# [Problem statement]
Return only the lines from the start of the records through the line that contains "Kigali, 2 février", inclusive; leave out all pictures.

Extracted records
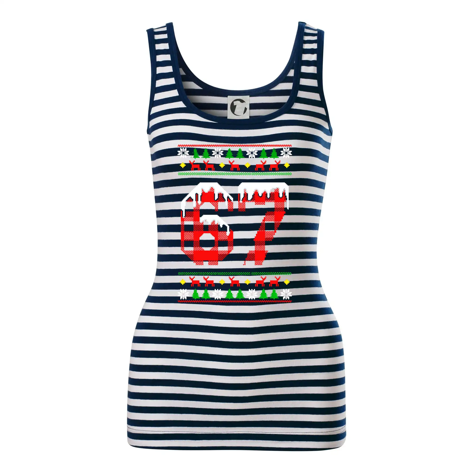 Dámské tílko MALFINI Sailor Top 806 přináší ikonický námořnický vzhled s bílo-modrými pruhy, ideální pro letní dny, výlety nebo ležérní outfity.
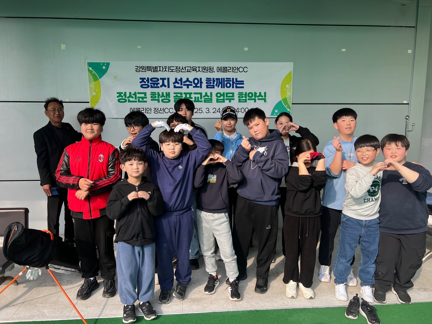 □ 2025. 3. 24.(월) 14:00~17:00, 에콜리안 정선CC에서 강원특별자치도정선교육지원청 지원과 에콜리안 정선CC의 협조, KLPGA 정윤지 선수 재능기부를 통한 정선 학생 골프교실 업무 협약식을 개최하였다. 본 협약에서는 정선군 관내 학생들에게 골프에 대한 양질의 레슨을 제공하기 위한 협약으로 에콜리안 정선CC에서는 연습장을 무료로 제공하고, 연 1회 이상 필드 라운딩을 할 수 있도록 협조하며, 정윤지 선수는 연 2회 무료 레슨을 시행하게 되었다.
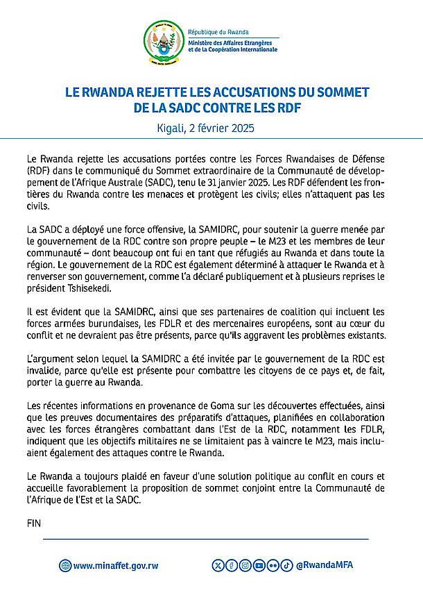 Kigali, 2 février 2025 - Le Rwanda rejette les accusations portées contre les Forces Rwandaises de Défense (RDF) dans le communiqué du Sommet…
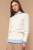 Vilatte Свитер фактурной вязки из хлопка с акрилом D34.210 натуральный белый
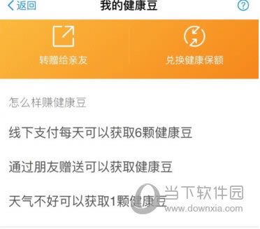 用户可以通过线下支付每天可以获取6颗健康豆;通过朋友赠送可以获取健康豆;天气不好可以获取1颗健康豆。
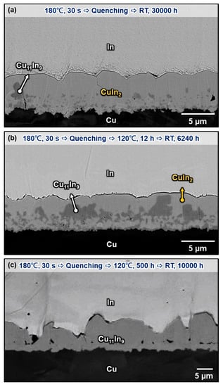 Micrograph showing the Cu/In interfaces after (a) storing at room temperature for 30,000 h, (b) aging at 120 °C for 12 h and storing at room temperature for 6240 h, and (c) aging at 120 °C for 500 h and storing at room temperature for 10,000 h.
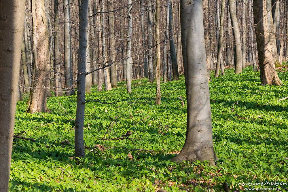 Bärlauch, Allium ursinum, Liliaceae, dichter Bestand im noch lichten Buchenwald, Westerberg, Göttingen, Deutschland
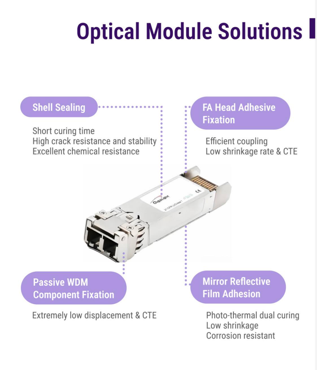 Optical communication components are like the "building blocks" of optical communication systems and networks; they are the most fundamental parts. Various types of optical components are not only indispensable "parts" in optical communication systems but also their performance and quality can significantly impact how smoothly and reliably the entire system operates. Additionally, the adhesives used to bond these optical communication components together are also crucial for maintaining the quality of the components.

# [Answer section]
 Dámské tílko MALFINI Sailor Top 806 přináší ikonický námořnický vzhled s bílo-modrými pruhy, ideální pro letní dny, výlety nebo ležérní outfity.
 □ 2025. 3. 24.(월) 14:00~17:00, 에콜리안 정선CC에서 강원특별자치도정선교육지원청 지원과 에콜리안 정선CC의 협조, KLPGA 정윤지 선수 재능기부를 통한 정선 학생 골프교실 업무 협약식을 개최하였다. 본 협약에서는 정선군 관내 학생들에게 골프에 대한 양질의 레슨을 제공하기 위한 협약으로 에콜리안 정선CC에서는 연습장을 무료로 제공하고, 연 1회 이상 필드 라운딩을 할 수 있도록 협조하며, 정윤지 선수는 연 2회 무료 레슨을 시행하게 되었다.
 Kigali, 2 février 2025 - Le Rwanda rejette les accusations portées contre les Forces Rwandaises de Défense (RDF) dans le communiqué du Sommet…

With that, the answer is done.